Problem to work on
Since pictures are not part of the copy, please output only the lines from the one with "Ngừng sử dụng" through the end of the data below, exactly as written.

Stored data
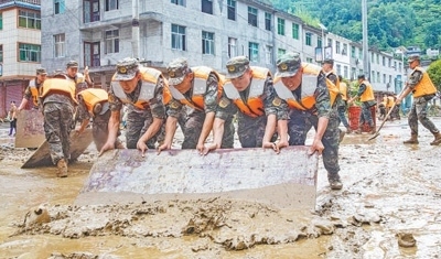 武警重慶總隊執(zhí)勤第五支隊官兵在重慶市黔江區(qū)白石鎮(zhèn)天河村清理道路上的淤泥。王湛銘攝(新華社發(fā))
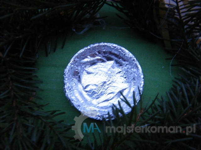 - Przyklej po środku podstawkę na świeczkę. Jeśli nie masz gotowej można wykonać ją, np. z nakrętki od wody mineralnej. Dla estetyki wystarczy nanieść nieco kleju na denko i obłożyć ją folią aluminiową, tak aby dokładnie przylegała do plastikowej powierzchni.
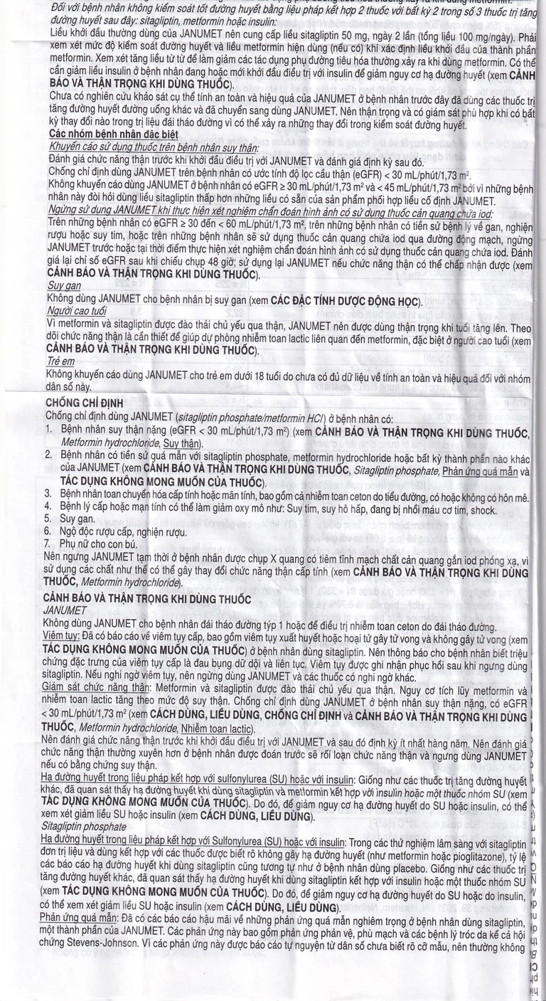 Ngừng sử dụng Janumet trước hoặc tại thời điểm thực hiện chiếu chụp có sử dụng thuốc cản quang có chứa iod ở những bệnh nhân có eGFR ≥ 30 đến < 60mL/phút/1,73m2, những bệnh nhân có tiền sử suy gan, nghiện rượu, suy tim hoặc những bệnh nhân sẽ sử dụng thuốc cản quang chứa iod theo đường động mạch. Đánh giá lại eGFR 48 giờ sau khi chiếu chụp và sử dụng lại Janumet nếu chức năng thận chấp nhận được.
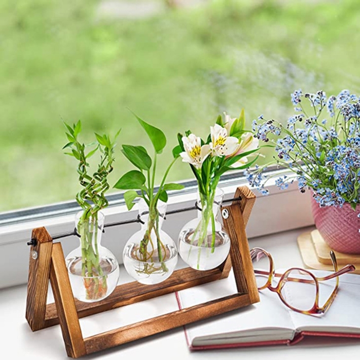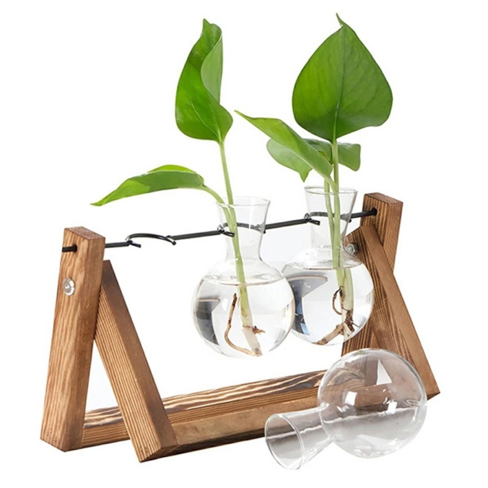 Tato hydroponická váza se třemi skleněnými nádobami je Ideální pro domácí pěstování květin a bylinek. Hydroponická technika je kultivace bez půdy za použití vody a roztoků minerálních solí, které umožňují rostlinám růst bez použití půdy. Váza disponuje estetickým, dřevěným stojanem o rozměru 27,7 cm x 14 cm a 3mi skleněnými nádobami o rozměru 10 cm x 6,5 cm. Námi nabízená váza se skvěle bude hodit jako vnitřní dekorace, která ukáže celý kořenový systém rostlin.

Completed task
 Ngừng sử dụng Janumet trước hoặc tại thời điểm thực hiện chiếu chụp có sử dụng thuốc cản quang có chứa iod ở những bệnh nhân có eGFR ≥ 30 đến < 60mL/phút/1,73m2, những bệnh nhân có tiền sử suy gan, nghiện rượu, suy tim hoặc những bệnh nhân sẽ sử dụng thuốc cản quang chứa iod theo đường động mạch. Đánh giá lại eGFR 48 giờ sau khi chiếu chụp và sử dụng lại Janumet nếu chức năng thận chấp nhận được.
 Tato hydroponická váza se třemi skleněnými nádobami je Ideální pro domácí pěstování květin a bylinek. Hydroponická technika je kultivace bez půdy za použití vody a roztoků minerálních solí, které umožňují rostlinám růst bez použití půdy. Váza disponuje estetickým, dřevěným stojanem o rozměru 27,7 cm x 14 cm a 3mi skleněnými nádobami o rozměru 10 cm x 6,5 cm. Námi nabízená váza se skvěle bude hodit jako vnitřní dekorace, která ukáže celý kořenový systém rostlin.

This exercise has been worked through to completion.